The example I gave above about splitting a string without spaces into dictionary words is a crate that I'm working on. I've got Iterator implemented with some nice optimizations of its own in non-.next() iterator methods. I'm planning on implementing DoubleEndedIterator, but I realized that when I optimize .last() to .next_back() after that's done, that nice optimization will only exist if no one applies any std iterator adapters whatsoever, which is nowhere near a guarantee. This can ruin performance for a seemingly innocuous reason that a lot of programmers aren't going to suspect, particularly on very long strings that need to be split into words, which might have a very large number of solutions.

It also allows for external optimizations like noticing that your iterator adapter in your crate adds no new side effects and so you do this:

impl<I> ThisTraitName for IteratorAdapterInThisCrate<I>
where
    I: ThisTraitName
{}

This will be limited for now, of course, since external iterator adapters cannot specialize based on traits being implemented or not, and so it might be incorrect to have certain passthrough methods on wrapped iterators when you don't know whether they have side effects or not.

I was looking to submit a feature request to the Rust GitHub repository, and I found this request for the exact suggestion I started with. Following a few links through to another issue, optimizations like these (without a trait like this) were discussed favorably in the past, but were ultimately rejected specifically in order to preserve the behavior of side effects:

Ok, thanks for the patience here!

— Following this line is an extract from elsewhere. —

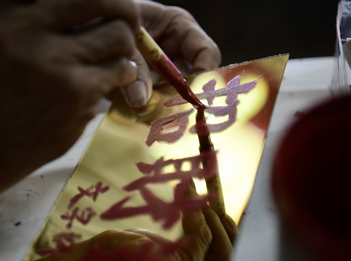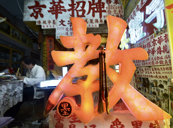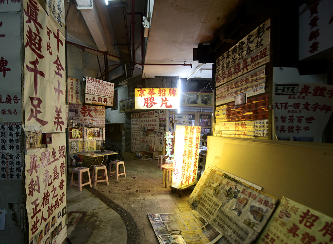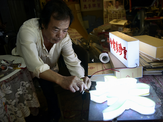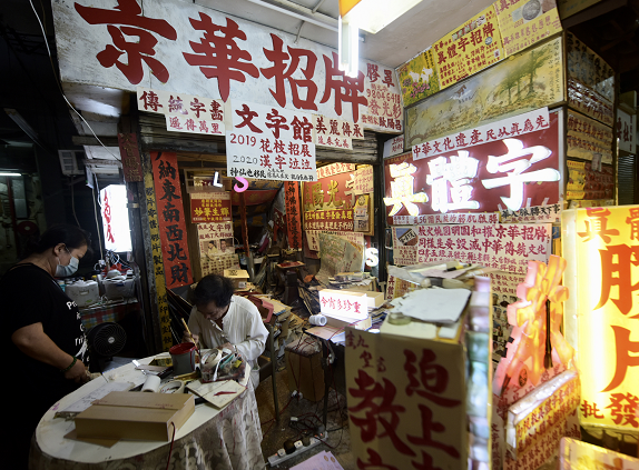 【香港商報網訊】據中新社報道,香港北角皇都戲院于1952年落成,是香港僅存的單幢式戲院,現時戲院地面的皇都商場內十室九空,而商場內有一間製作招牌的“京華招牌”店鋪却燈火通明。店主歐陽昌30多年來以自創的“真體字”爲店鋪寫招牌、製作燈箱等,傳承中華文化。(圖源:中新社)

The libs team talked about this and the conclusion was that these iterator adaptor methods should always preserve the same semantics as the current default implementations, specifically with respect to side effects that may be seen.

In light of that I'm going to close this as "unfortunately we can't do this", and otherwise I've opened a tracking issue for auditing those changes we've already made in the standard library.

— alexcrichton, issue 28125, 2 October 2015

This would remove that objection because the underlying iterator or iterator adapter author would be effectively certifying that no side effects would be observable.